## Activity
Could the data below be printed out exactly, with the pictures left out?

## Source data
━━━━━━

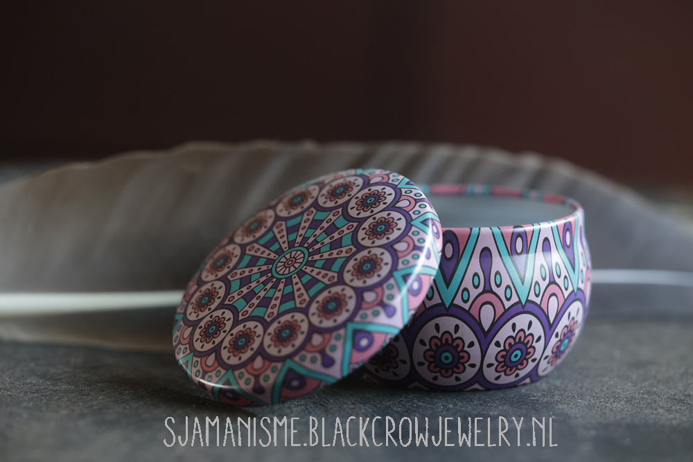 leuk klein blikje met ongeveer 5-6 gram witte salie en een smudgeveer
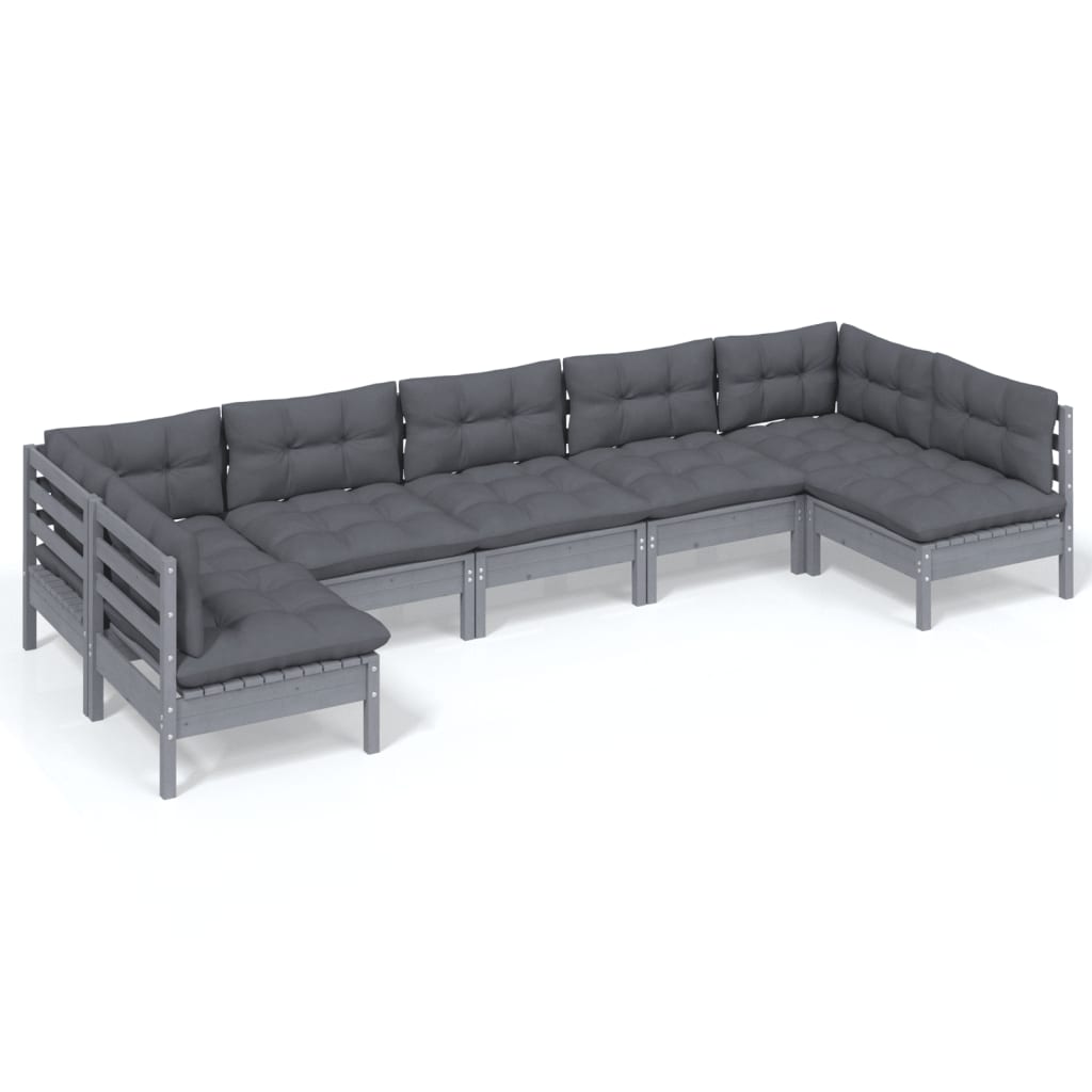 7-tlg. Garten-Lounge-Set mit Grauen Kissen Kiefernholz
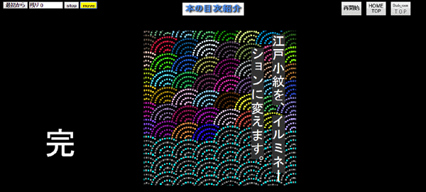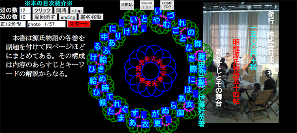 テーマ 源氏物語の目次紹介 0.ボタン追加 1.見出し9番を渦巻き状に並べる(再掲) epilogue()関数 2.時計盤の針を徐々に消す関数 erase_tikeiban()関数 3.完を12個並べる関数 the_end()関数 4.come_2 書名の読み込み 5.sutairu()関数,追加と変更 6.escoat()関数,追加と変更 7.メインスタートプログラム sin_6()関数 8.連動プログラム 書名移動 sin_6_2()関数 |

━━━━━━

## Written answer
 leuk klein blikje met ongeveer 5-6 gram witte salie en een smudgeveer
 7-tlg. Garten-Lounge-Set mit Grauen Kissen Kiefernholz
 テーマ 源氏物語の目次紹介 0.ボタン追加 1.見出し9番を渦巻き状に並べる(再掲) epilogue()関数 2.時計盤の針を徐々に消す関数 erase_tikeiban()関数 3.完を12個並べる関数 the_end()関数 4.come_2 書名の読み込み 5.sutairu()関数,追加と変更 6.escoat()関数,追加と変更 7.メインスタートプログラム sin_6()関数 8.連動プログラム 書名移動 sin_6_2()関数 |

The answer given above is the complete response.